We would think that Jan's friends would recognise her apartment — but the narrator, once again, eludes us. None of Jan's friends visited the apartment, and Jan had never visited their apartments, either — so we're kept in the dark. And we would expect Jan's friends to figure out some clue that would tell them for sure that they are, indeed, talking to the Jan they knew. But Jan's almost obnoxious personality prevents them to figure that out. Jan doesn't really act as Jan — but, then again, Jan admits, at some point, that "as a guy he would never act that way". But Jan certainly has some knowledge of his past life as a boy, and certainly recognises immediately his own friends. Which is actually quite strange, and contributes to make the plot so interesting.
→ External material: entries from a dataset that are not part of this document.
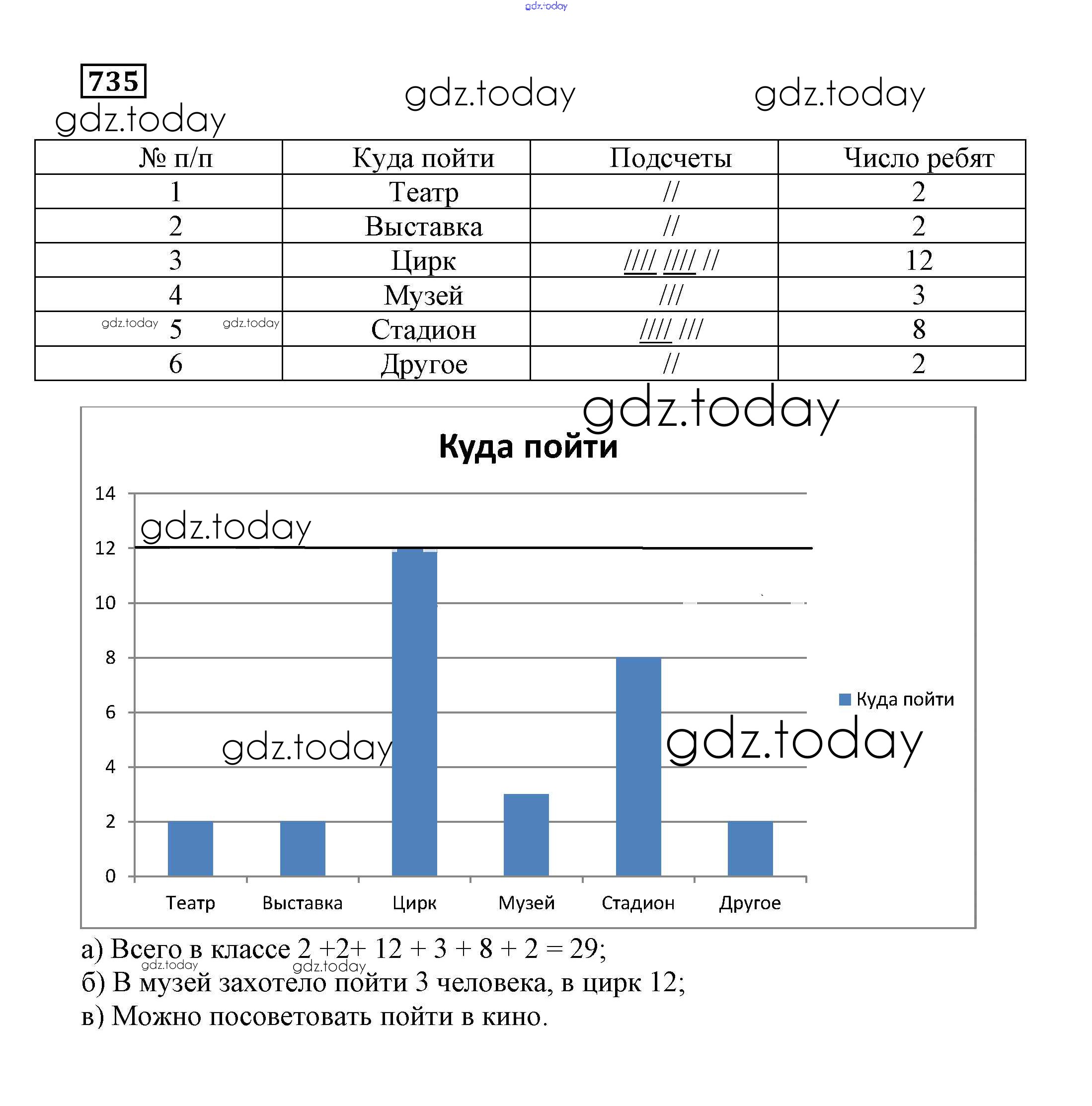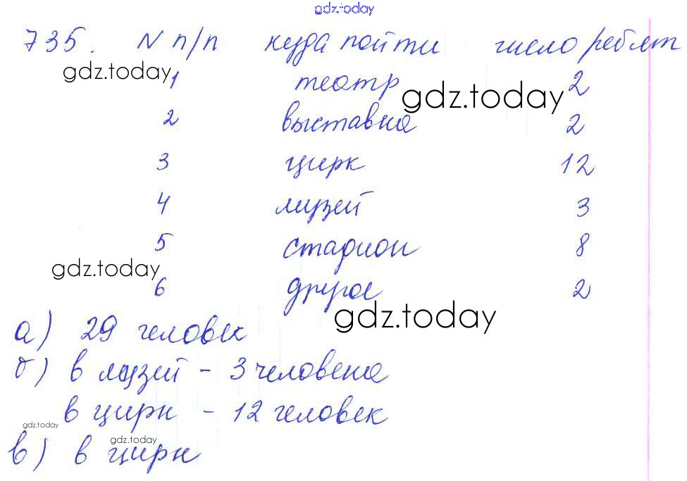 На страницах сайта gdz.today вы найдете учебный и вспомогательный материал, направленный на улучшения знаний школьной программы. ГДЗ - онлайн мир знаний Решение. Упражнения 735 Учебнику по Математике для 5 класса Бунимович, Дорофеев Просвещение Сферы 2014
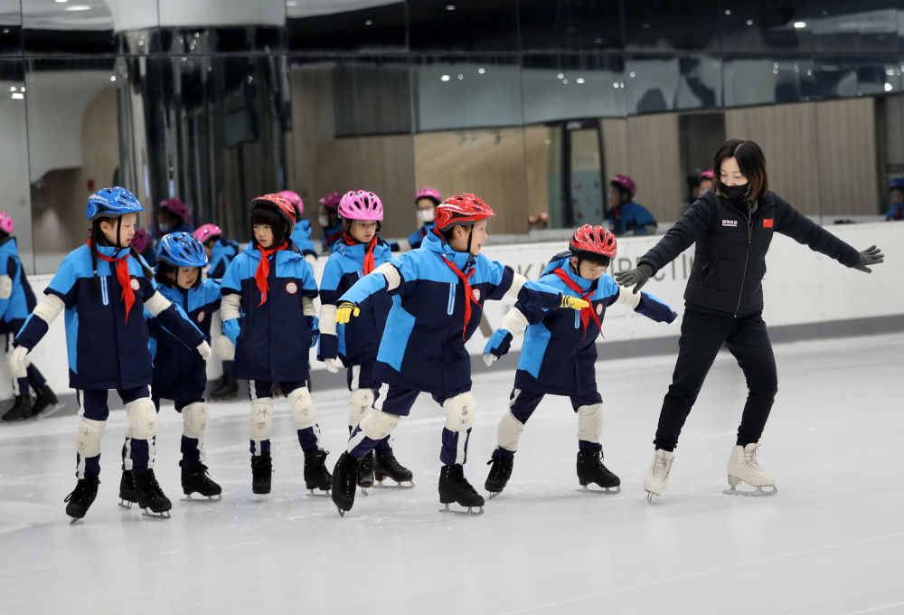 在上海新世界城的冰雪樂園,黃浦區(qū)盧灣一中心小學(xué)的學(xué)生在教練的指導(dǎo)下練習(xí)滑冰(2021年12月22日攝)。新華社記者 劉穎 攝
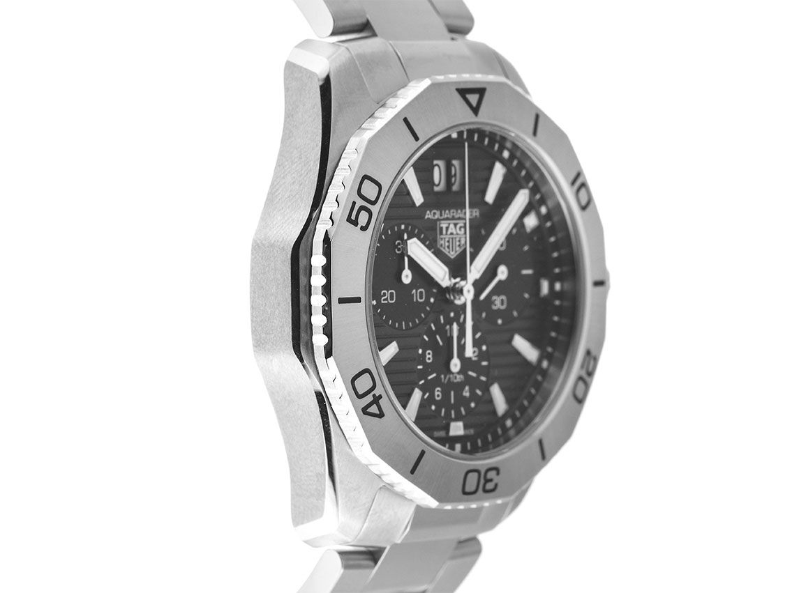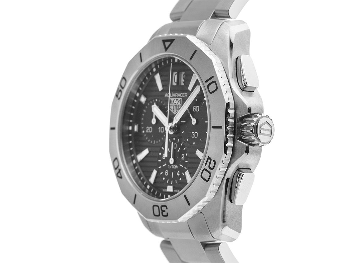 Tag Heuer Aquaracer Professional 200 Date Stahl Quarz Chronograph Armband StahlGehäuse Edelstahl poliert und satiniert, Gehäusedurchmesser ohne Krone 40mm, Gehäusehöhe 12,4mm. Lünette Edelstahl satiniert mit 60-Minuten Skala, einseitig drehbar. Armband Edelstahl poliert und satiniert, Sicherheitsfaltschließe Edelstahl mit Hersteller-Logo. Zifferblatt schwarz mit Streifendekor, aufgesetzten Edelstahl Leuchtindexen und polierten Edelstahl Leuchtzeigern. Uhrwerk quarzgesteuert. Anzeige von Stunde und Minute über Zeiger aus der Mitte, kleine Sekunde mit Sekundenstopp zur sekundengenauen Einstellung der Uhrzeit bei 3 Uhr, Großdatumsanzeige mit Schnellverstellung bei 12 Uhr. Saphirglas kratzfest. Krone verschraubbar mit Flankenschutz und Hersteller-Logo. Boden Edelstahl graviert. Gewicht der Uhr inklusive Armband 160g, Länge des Armbandes inkl. Gehäuse 195mm. Wasserdicht bis 20 ATM. Referenznummer: CBP1110.BA0627, ID: ST116038160426H-3100, Artikelnummer: 10000085410. Original Tag Heuer Box mit Umkarton und Garantie Papiere von 2026 sowie Beschreibung, Full Set. Ungetragen. Lieferzeit sofort.

Over the series, the suspicion that the "female Jan" is a very strange psychopath that extracts all knowledge from their victims and murders them, and then self-hypnotises herself to believe to be the victim just murdered pops up a lot of times — but is seen as not being very credible. Occam's razor! And how would the murderer immediately recognise "male Jan's" friends, know where they hang out, and be able to successfully do a presentation at the uni, knowing exactly what to say? Even in a scenario of prolonged torture, this would not be credible — you can't simply torture someone long enough to acquire the necessary knowledge to understand enough of a subject to pass examination. Specially after walking around uni, knowing exactly where the classes are, and so forth. So at this point we have to admit that, whatever happened, this person really has "male Jan'" memories.
Then we step into surrealism. I agree with rphb, the concept of the unreliable narrator is extremely well done. We tend to believe Jan's story, but it's the nagging things that put us off. Jan starts to believe that the shark really speaks and/or protects her in her dreams. At first, it gets shrugged off, and so we give little importance to it; but as the story unfolds, we understand that there is more surrealism than realism in the whole story. The scene where Jan steps on the table at the police station and sees things that nobody else can see is where we question Jan's sanity.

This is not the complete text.